Notice the last three examples: which matrix is on the left-hand side vs. right-hand side CAN have an effect on whether you can multiply! And flipping the rows/columns can make a previously impossible multiplication possible.

Identity Multiplication

The Identity matrix is special because it acts like the number 1 in normal multiplication: multiplying by the identity matrix has no effect!

| 5 2 |   | 1 0 |   | 5 2 |
| 4 9 | * | 0 1 | = | 4 9 |

Transposing

Transposing a matrix simply involves converting all rows to columns or columns to rows. Every matrix has a transpose. If you transpose a transpose, you get…the original matrix back!

For example, these two matrices are transposes of one another:

| 1 2 3 |  | 1 4 7 |
| 4 5 6 |  | 2 5 8 |
| 7 8 9 |  | 3 6 9 |

Vector Multiplication

The ability to multiply a vector by a matrix ends up being one of the most vital tools in our toolbox because it allows us to “transform” a vector (i.e. scale, rotate, or translate it).

When multiplying a vector by a matrix, we “pretend” that the vector is a matrix. For example, a 4D vector can be treated as either a 1x4 or a 4x1 matrix. These are referred to as row vectors and column vectors respectively.

After representing the vector as a matrix, we can then multiply the two using normal matrix multiplication. The output is a matrix, but we can interpret it as a vector.

For example, consider the 4D vector (3, 5, 8, 1).
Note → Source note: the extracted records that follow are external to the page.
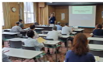
事事故例なども紹介され学習

●筑後会場：徳永産業㈱三猪倉庫 久留米市三猪町寺町原27 日時：9月6日、10月11日、 11月1日、11月21日、11月22日 (各講習日とも、午前の部9:00~12:00・午後の部13:30~16:30)
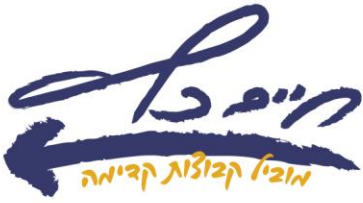
הגיעו לסך 65
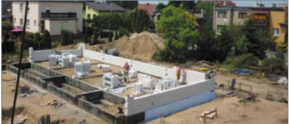
Widać już zarys sali gimnastycznej przy SP 1. Konsorcjum „Michalski” z Leszna zakończyło prace ziemne, wykonało przyłącza sanitarne oraz fundamenty. Rozpoczęto budowę ścian. Koszt inwestycji to 3 578 435,95 zł. Zakończenie budowy przewidziane jest do marca przyszłego roku.
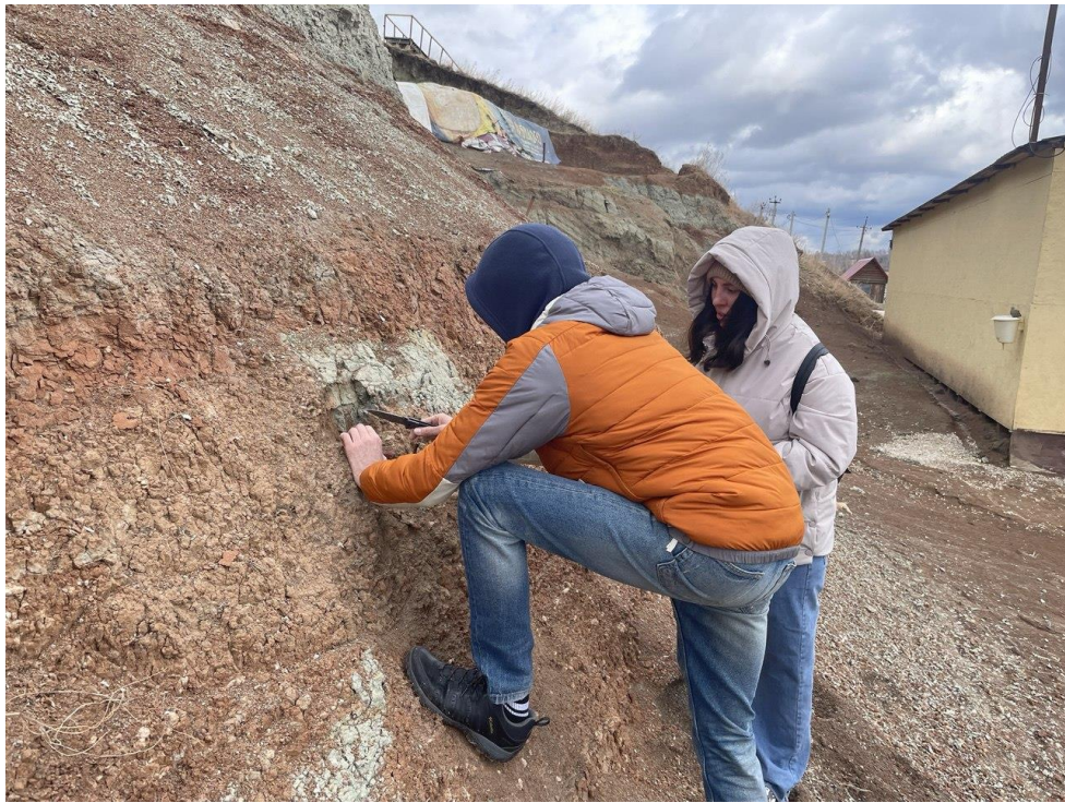
Рис 2: Извлечение плечевой кости Пситтакозавра из стены обнажения

С появлением первых находок 2025 года, в лаборатории палеонтологии началось заполнение экспедиционно-отчётной документации (полевой дневник и полевая опись), а также по вечерам происходит камеральная обработка палеонтологических образцов.
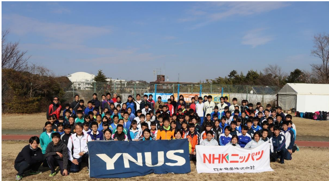
YNUS & ニッパツ 陸上跳躍教室 2018.1.21 (日) 横浜国立大学グランド
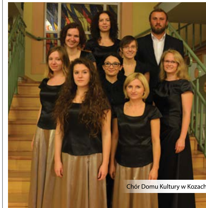
Chór Domu Kultury w Kozach
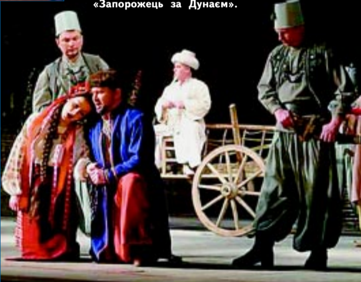
Сцени з опери «Запорожець за Дунаєм».

чно!.. Проте в зрілому віці я знову перечитав повість М. Коцюбинського «Дорогою ціною» і побачив здивовано, що в ідейно-тематичному плані опера й повість такі «схожі» між собою, як ніч і день, бо головні герої повісті

We can multiply it by a matrix in two possible ways.

Using a row vector:

              | 1 0 0 0 |
              | 0 1 0 0 |
| 3 5 7 1 | * | 0 0 1 0 | = | 5 7 9 1 |
              | 2 2 2 1 |

Using a column vector:

| 1 0 0 2 |   | 3 |
| 0 1 0 2 |   | 5 |
| 0 0 1 2 | * | 7 | = | 5 7 9 1 |
| 0 0 0 1 |   | 1 |

A couple interesting things to note about these operations:

  • Due to matrix multiplication size restrictions, the vector must be on the left side when using a row vector and it must be on the right side when using a column vector.
  • If the matrix is transposed when switching from row to column vector (or vice-versa), the result is exactly the same.

The 4x4 matrix used above is an example of a simple transformation matrix that moves a point by (2, 2, 2). Look at the input and output vectors, and you’ll see that is indeed the case: the input was (3, 5, 7) and the output was (5, 7, 9). Again, we’ll talk more about transformation matrices in a future post.

Inversion

Let’s say you multiply a vector v1 by matrix M to get vector v2. Does some matrix exist that would allow you to undo that operation?
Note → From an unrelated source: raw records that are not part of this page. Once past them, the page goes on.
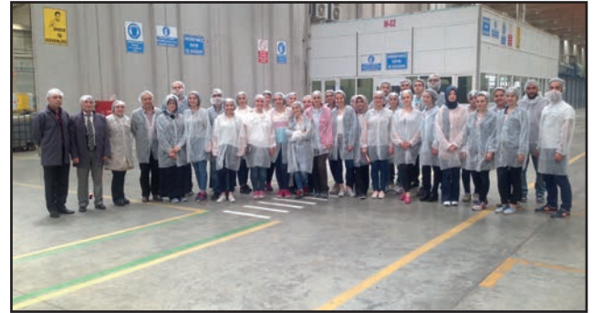
Öğrenciler, ambalaj üretim tesislerini yakından incelediler.

28 Nisan 2016 tarihinde Balıkesir Üniversitesi Endüstri Mühendisliği Bölümü öğrencilerine yönelik bir teknik gezi düzenlendi. Bu kapsamda Balıkesir'de faaliyet gösteren Sarıbekir Ambalaj firmasını ziyaret eden öğrenciler, üretim süreçlerini yerinde görme ve inceleme fırsatı buldular.
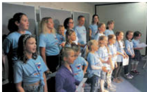
Otroci župnijske šole in starši med nastopom

»Ne bojte se!« (Mt 20,26.28.31). In ravno služenje drugemu nas osvobaja strahu. Kakor sol ohranja hrano pred pokvarljivostjo in propadom, tako ljudje, ki služijo drugim in se jim dajo na voljo, varujejo družbo pred pokvarjenostjo in propadom. Taki ljudje družbo »držijo pokoncji«. Gorje družbi, kjer ne bi bil nihče pripravljen služiti. Svet nujno potrebuje ljudi, katerih dobra dela bodo svetila kakor luč. Hvaležnost je navada srca. Nobeden od nas ni sam vir svojega življenja ali vir vsega tega, kar po-
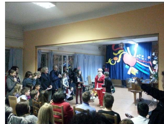
16.12.2014. Tradicionalna božićna predstava u dječjem domu Izvor u Selcu
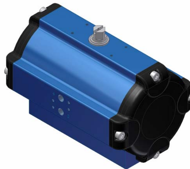
SAD - 135°

angewandte Norm : DIN EN ISO 5211, DIN EN 15714-3, VDI / VDE 3845, DIN 79
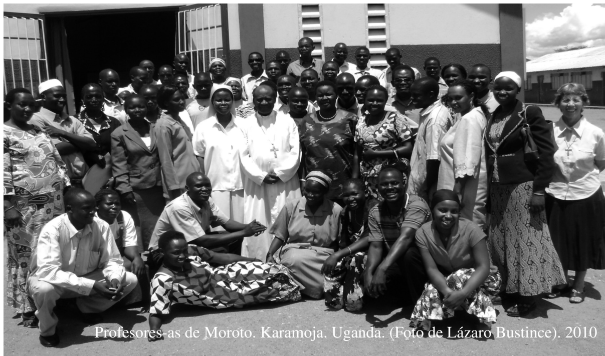
Profesores-as de Moroto. Karamoja. Uganda. (Foto de Lázaro Bustince). 2010

Las estadísticas de UNISIDA 2012 muestran la eficacia de las campañas de sensibilización. La disminución de nuevos casos en los países más afectados por la pandemia ha sido espectacular.

v1 * M = v2 // Transforms v1 to v2
v2 * ? = v1 // Transforms v2 back to v1

This is called the inverse matrix of M, which undoes, or performs the opposite operations, of the original matrix. To calculate the inverse matrix, we must invert M.

Since an inverse matrix undoes the original matrix, the result of multiplying the two is the Identity matrix!
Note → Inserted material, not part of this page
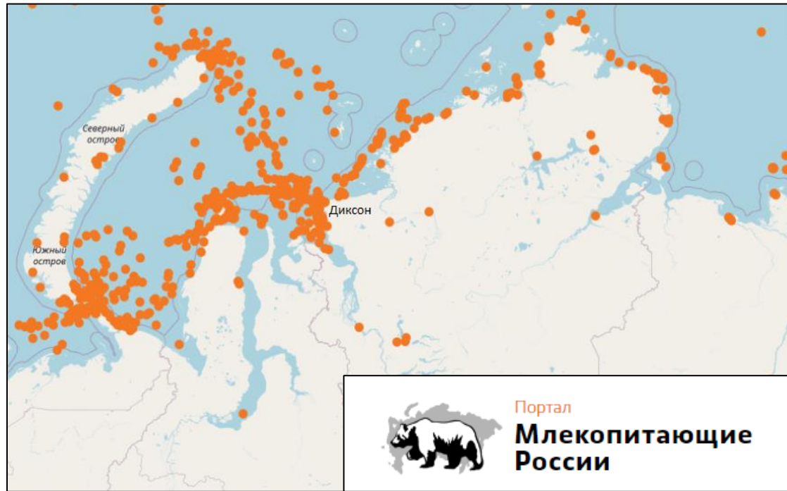
Распределение зарегистрированных особей белого медведя

Not every matrix has an inverse. There are a few rules:

  • Only square matrices have inverses.
  • A matrix only has an inverse if its determinant is non-zero.

Calculating the determinant is a fairly complex process that gets more and more complex as the matrix gets larger. Fortunately, for game development purposes, we really only need to be able to calculate the determinant for 3D, 4D (and maybe 2D) matrices. Explaining the logic for calculating the determinant is best done with pictures, so I’ll delegate that responsibility to an existing resource (such as this page)

Actually calculating the inverse is also not a simple task! There are a couple options. First, there is a “by hand” method of calculating the inverse known as Gauss-Jordan Elimination, but this method is not ideal for writing code. Another option exists, but it requires us to define a few more terms (I know, it’s complicated).

Let’s say you have a 3x3 matrix M, and you remove row i and column j (thereby making it a 2x2 matrix). If you calculate the determinant of the 2x2 matrix, that value is called the cofactor of element (i,j) for the 3x3 matrix. If you do this for every row/column combination you end up with a cofactor matrix (where every value in the original matrix has been replaced by the associated cofactor value).

Now, furthermore, if you transpose the cofactor matrix, you end up with a matrix called the adjugate of M.

Given all that, the inverse of a matrix can be calculated as the adjugate matrix divided by the determinant! Whew! The introduction of the above terminology is probably a bit head-spinning at first. But it defines a step-by-step process we can use to calculate the inverse matrix.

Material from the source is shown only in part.